Start of EXTRACTED MATERIAL
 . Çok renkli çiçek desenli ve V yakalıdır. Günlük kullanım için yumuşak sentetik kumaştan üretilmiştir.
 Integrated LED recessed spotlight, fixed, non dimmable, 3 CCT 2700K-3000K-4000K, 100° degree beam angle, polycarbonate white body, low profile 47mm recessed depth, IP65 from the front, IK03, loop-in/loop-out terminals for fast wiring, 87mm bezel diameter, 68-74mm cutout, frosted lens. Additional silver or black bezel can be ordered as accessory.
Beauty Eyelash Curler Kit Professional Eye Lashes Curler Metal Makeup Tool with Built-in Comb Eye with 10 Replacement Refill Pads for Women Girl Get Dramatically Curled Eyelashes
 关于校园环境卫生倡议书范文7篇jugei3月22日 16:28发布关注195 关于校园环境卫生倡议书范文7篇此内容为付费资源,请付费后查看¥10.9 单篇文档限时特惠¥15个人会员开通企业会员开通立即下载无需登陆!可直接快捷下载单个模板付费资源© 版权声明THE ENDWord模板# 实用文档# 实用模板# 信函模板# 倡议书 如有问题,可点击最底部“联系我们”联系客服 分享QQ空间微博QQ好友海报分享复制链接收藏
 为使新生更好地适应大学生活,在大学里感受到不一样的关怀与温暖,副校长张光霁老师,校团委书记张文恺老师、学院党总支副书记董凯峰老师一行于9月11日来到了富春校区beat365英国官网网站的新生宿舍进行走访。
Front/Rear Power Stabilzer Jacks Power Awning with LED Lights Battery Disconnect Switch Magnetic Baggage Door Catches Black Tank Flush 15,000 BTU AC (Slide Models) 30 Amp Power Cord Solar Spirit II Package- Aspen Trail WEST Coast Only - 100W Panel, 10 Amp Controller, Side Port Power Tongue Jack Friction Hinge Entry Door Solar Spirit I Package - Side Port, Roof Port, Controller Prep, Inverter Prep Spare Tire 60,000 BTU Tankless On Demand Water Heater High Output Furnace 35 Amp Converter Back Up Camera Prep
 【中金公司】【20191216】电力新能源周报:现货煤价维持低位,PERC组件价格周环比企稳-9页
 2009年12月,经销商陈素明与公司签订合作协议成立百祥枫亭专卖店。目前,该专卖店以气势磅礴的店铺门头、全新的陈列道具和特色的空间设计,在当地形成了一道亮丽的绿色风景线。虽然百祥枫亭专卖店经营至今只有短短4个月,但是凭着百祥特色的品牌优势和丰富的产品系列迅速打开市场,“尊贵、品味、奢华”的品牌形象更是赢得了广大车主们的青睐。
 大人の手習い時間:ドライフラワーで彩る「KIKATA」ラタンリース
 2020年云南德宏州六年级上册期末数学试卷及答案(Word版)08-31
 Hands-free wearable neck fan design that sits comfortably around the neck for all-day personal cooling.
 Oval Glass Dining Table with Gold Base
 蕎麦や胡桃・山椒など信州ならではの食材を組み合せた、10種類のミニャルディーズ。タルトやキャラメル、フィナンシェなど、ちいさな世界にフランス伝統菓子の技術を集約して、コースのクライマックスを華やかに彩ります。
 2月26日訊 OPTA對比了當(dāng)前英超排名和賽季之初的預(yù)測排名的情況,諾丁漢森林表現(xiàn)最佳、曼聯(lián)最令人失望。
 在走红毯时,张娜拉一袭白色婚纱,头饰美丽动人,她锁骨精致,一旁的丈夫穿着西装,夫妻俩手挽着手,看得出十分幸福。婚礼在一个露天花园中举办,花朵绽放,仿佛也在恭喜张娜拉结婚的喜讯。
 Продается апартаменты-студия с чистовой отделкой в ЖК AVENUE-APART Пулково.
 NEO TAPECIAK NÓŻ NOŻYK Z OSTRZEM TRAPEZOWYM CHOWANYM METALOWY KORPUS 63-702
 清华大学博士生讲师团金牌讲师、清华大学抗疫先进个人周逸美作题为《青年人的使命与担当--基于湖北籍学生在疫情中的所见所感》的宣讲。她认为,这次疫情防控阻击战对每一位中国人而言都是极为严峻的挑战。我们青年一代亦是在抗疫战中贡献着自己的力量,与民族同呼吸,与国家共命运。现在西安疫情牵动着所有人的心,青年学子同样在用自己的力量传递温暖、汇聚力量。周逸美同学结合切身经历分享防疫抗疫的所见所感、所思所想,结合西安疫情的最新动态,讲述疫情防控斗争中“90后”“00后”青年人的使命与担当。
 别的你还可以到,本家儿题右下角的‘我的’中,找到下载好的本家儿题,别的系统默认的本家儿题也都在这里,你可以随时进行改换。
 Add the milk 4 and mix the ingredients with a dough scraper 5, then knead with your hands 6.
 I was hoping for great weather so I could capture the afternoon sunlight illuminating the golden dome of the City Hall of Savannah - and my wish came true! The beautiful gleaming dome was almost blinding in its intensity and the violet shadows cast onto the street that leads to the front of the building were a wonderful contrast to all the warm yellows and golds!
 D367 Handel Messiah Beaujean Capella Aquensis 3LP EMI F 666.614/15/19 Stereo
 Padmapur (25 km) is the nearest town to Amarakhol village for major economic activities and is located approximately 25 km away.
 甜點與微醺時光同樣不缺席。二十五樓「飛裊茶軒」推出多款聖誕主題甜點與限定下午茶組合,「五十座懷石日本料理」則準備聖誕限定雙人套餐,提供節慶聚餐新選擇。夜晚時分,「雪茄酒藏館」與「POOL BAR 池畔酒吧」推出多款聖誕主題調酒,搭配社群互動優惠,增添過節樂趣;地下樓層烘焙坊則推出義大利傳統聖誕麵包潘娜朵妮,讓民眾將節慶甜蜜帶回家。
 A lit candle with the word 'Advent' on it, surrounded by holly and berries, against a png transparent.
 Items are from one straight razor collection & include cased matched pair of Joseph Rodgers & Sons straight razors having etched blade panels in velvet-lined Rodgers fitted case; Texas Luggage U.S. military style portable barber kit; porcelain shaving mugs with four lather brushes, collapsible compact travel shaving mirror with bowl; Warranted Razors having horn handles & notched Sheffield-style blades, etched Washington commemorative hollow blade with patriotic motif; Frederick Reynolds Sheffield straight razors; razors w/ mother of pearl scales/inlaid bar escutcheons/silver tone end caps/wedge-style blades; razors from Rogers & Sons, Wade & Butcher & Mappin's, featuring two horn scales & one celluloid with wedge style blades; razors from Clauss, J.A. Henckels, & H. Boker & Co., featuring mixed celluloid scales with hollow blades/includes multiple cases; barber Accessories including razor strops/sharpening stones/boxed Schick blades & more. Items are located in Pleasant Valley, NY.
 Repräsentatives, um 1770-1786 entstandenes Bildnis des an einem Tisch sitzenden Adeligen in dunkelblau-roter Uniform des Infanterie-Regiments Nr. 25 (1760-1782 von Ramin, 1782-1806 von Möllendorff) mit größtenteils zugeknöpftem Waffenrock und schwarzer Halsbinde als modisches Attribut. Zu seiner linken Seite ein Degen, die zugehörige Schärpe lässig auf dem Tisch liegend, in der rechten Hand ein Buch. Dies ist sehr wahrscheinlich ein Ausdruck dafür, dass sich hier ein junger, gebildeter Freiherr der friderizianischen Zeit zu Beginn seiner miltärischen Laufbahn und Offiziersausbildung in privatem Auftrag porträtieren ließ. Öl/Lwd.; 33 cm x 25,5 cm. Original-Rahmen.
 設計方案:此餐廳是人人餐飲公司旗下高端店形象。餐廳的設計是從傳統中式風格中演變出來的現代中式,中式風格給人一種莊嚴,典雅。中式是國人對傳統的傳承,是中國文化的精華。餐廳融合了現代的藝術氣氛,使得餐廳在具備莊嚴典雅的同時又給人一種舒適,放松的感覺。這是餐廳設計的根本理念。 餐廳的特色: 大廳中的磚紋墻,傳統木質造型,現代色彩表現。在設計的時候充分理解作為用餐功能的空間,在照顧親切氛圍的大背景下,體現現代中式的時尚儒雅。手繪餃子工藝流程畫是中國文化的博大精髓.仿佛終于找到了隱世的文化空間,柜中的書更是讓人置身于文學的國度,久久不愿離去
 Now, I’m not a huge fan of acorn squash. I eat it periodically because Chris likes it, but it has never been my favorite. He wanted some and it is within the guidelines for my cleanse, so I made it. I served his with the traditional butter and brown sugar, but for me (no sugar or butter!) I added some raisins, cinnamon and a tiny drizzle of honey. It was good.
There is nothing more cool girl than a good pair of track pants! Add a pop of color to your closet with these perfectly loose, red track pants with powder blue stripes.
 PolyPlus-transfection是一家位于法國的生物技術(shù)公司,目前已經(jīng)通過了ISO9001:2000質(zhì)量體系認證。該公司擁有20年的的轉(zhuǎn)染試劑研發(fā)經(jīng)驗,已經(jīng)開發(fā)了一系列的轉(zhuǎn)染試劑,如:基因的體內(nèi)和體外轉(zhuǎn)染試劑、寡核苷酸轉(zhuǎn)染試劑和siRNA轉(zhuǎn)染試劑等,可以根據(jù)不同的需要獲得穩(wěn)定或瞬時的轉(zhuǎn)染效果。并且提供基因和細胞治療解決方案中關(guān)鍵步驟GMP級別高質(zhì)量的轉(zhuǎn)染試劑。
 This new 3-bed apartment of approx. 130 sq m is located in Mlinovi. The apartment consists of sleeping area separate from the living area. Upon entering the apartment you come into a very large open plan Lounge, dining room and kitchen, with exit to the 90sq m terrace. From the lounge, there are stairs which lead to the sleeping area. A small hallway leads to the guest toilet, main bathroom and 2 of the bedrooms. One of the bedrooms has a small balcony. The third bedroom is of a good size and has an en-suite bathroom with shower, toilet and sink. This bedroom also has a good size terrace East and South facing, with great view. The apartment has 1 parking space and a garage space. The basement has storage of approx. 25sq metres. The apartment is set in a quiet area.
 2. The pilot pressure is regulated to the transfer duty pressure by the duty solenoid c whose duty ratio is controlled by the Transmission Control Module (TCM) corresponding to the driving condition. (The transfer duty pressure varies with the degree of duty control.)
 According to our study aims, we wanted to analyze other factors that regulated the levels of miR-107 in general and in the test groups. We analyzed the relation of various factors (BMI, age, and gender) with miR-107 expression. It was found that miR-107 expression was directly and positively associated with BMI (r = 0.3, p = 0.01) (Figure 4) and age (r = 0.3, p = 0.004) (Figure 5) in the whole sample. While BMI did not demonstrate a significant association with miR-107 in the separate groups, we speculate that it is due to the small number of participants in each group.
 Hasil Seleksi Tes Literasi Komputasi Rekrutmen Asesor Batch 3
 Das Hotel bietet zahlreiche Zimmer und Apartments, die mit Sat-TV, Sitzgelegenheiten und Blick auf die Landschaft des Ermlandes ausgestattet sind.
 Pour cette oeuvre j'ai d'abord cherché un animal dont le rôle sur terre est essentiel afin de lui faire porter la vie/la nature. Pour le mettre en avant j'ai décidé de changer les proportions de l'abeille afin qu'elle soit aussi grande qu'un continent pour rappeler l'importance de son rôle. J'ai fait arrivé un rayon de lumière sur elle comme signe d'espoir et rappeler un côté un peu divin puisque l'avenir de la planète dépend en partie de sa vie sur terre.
End of EXTRACTED MATERIAL
◆ **TASK**: Tell how many lines in the data contain the word "your", answering with that number and no other text.

◆ **EXERCISE RESPONSE**: 2